● What the task requires:
Images stay out; everything else in the records is to be set down exactly.

● Raw data:
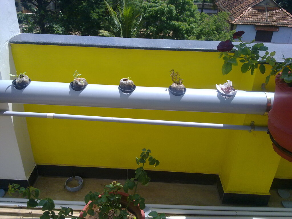 The plants were germinated in cocopeat germination plugs and placed in netpots, which were in turn placed in holes drilled in the PVC pipe. The connector in the end cap was drilled such that the water level just touched the netpots. If too much of the netpot is submerged, then roots might decay and plants die. The submersible pump present in the 50 liter nutrient reservoir tank pumped water in the big pipe, which then flowed through the pipe and drained via the smaller pipe below into the reservoir. This is a critical thing, not just for supplying nutrients, but mainly for oxygenation of water. Roots need oxygen, else they will decay and plants will die. The nutrient concentration used was 400ppm initially and when the plants grew, the concentration was increased to 800ppm. The pH of the solution was maintained between 5.5-6.5. The water/nutrient topping up is done once every week.
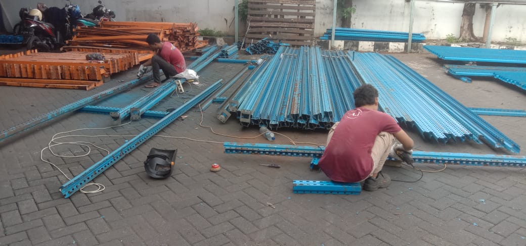 Pekerjaan pemotongan bracing dan painting frame di PT. Gotrans Logistics International meliputi pemotongan bracing sesuai kebutuhan teknis, dilanjutkan dengan proses pengecatan frame menggunakan material cat berkualitas untuk melindungi struktur dari korosi serta meningkatkan kerapian dan tampilan.
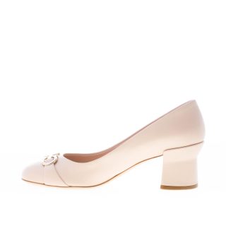 Petalo pale pink soft leather Otilia 55 pump with a round toe and the iconic pale gold metal Gancini adornment. Leather sole. Heel 5,5 cm
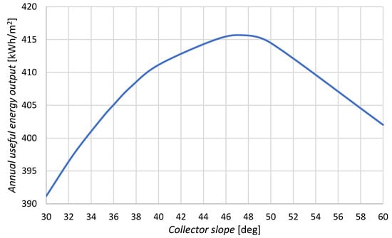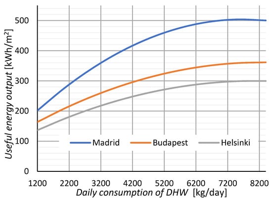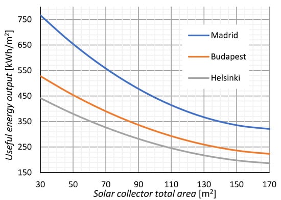 The results of the optimization procedure according to the energy criterion showed that the maximum annual useful energy output, which is possible to supply from solar collectors, is 1303 kWh/m2 for Madrid weather conditions, 918.5 kWh/m2 for Budapest, and 768 kWh/m2 for Helsinki conditions.
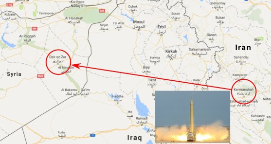The Zolfaqar missiles used have a range of 700 km (430 miles). They were launched from western Iran, and came down on Deir-ez Zor, a town in eastern Syria.
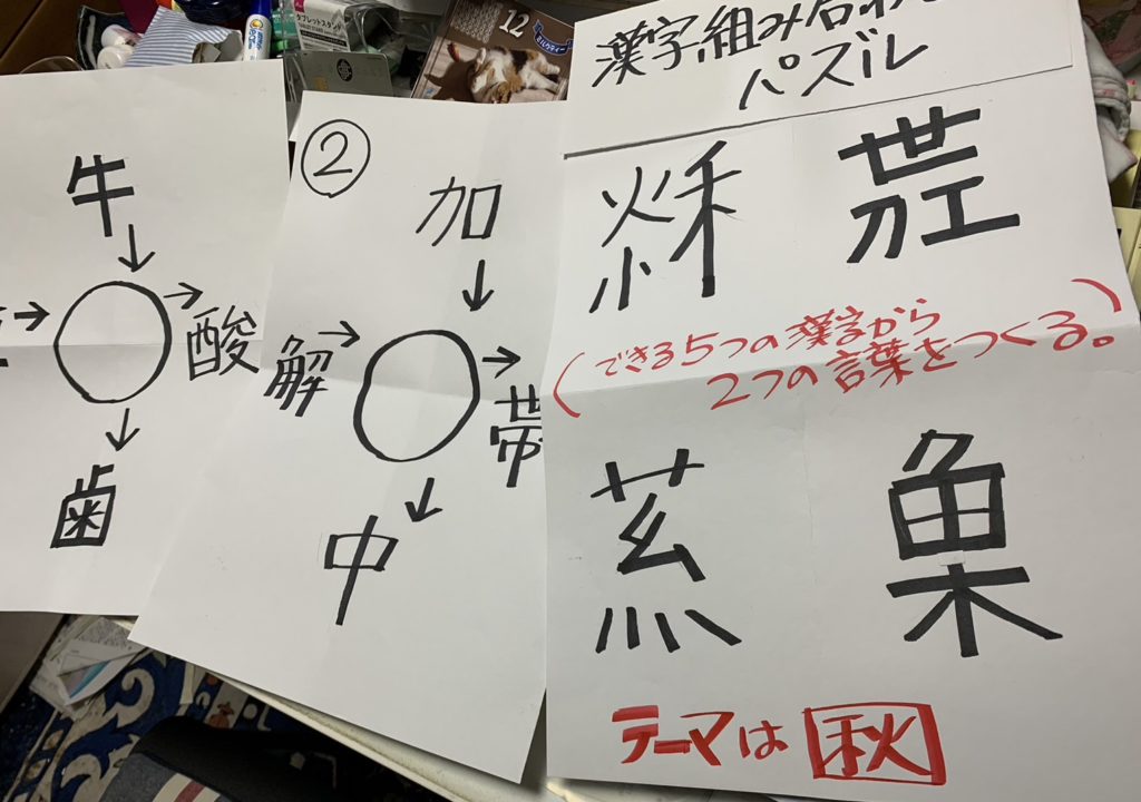 漢字組み合わせパズルを1問、穴あき感じパズルを2問、乳は簡単でしたが、熱はなかなか正解の声が出ませんでした。

● Exercise output:
 The plants were germinated in cocopeat germination plugs and placed in netpots, which were in turn placed in holes drilled in the PVC pipe. The connector in the end cap was drilled such that the water level just touched the netpots. If too much of the netpot is submerged, then roots might decay and plants die. The submersible pump present in the 50 liter nutrient reservoir tank pumped water in the big pipe, which then flowed through the pipe and drained via the smaller pipe below into the reservoir. This is a critical thing, not just for supplying nutrients, but mainly for oxygenation of water. Roots need oxygen, else they will decay and plants will die. The nutrient concentration used was 400ppm initially and when the plants grew, the concentration was increased to 800ppm. The pH of the solution was maintained between 5.5-6.5. The water/nutrient topping up is done once every week.
 Pekerjaan pemotongan bracing dan painting frame di PT. Gotrans Logistics International meliputi pemotongan bracing sesuai kebutuhan teknis, dilanjutkan dengan proses pengecatan frame menggunakan material cat berkualitas untuk melindungi struktur dari korosi serta meningkatkan kerapian dan tampilan.
 Petalo pale pink soft leather Otilia 55 pump with a round toe and the iconic pale gold metal Gancini adornment. Leather sole. Heel 5,5 cm
 The results of the optimization procedure according to the energy criterion showed that the maximum annual useful energy output, which is possible to supply from solar collectors, is 1303 kWh/m2 for Madrid weather conditions, 918.5 kWh/m2 for Budapest, and 768 kWh/m2 for Helsinki conditions.
The Zolfaqar missiles used have a range of 700 km (430 miles). They were launched from western Iran, and came down on Deir-ez Zor, a town in eastern Syria.
 漢字組み合わせパズルを1問、穴あき感じパズルを2問、乳は簡単でしたが、熱はなかなか正解の声が出ませんでした。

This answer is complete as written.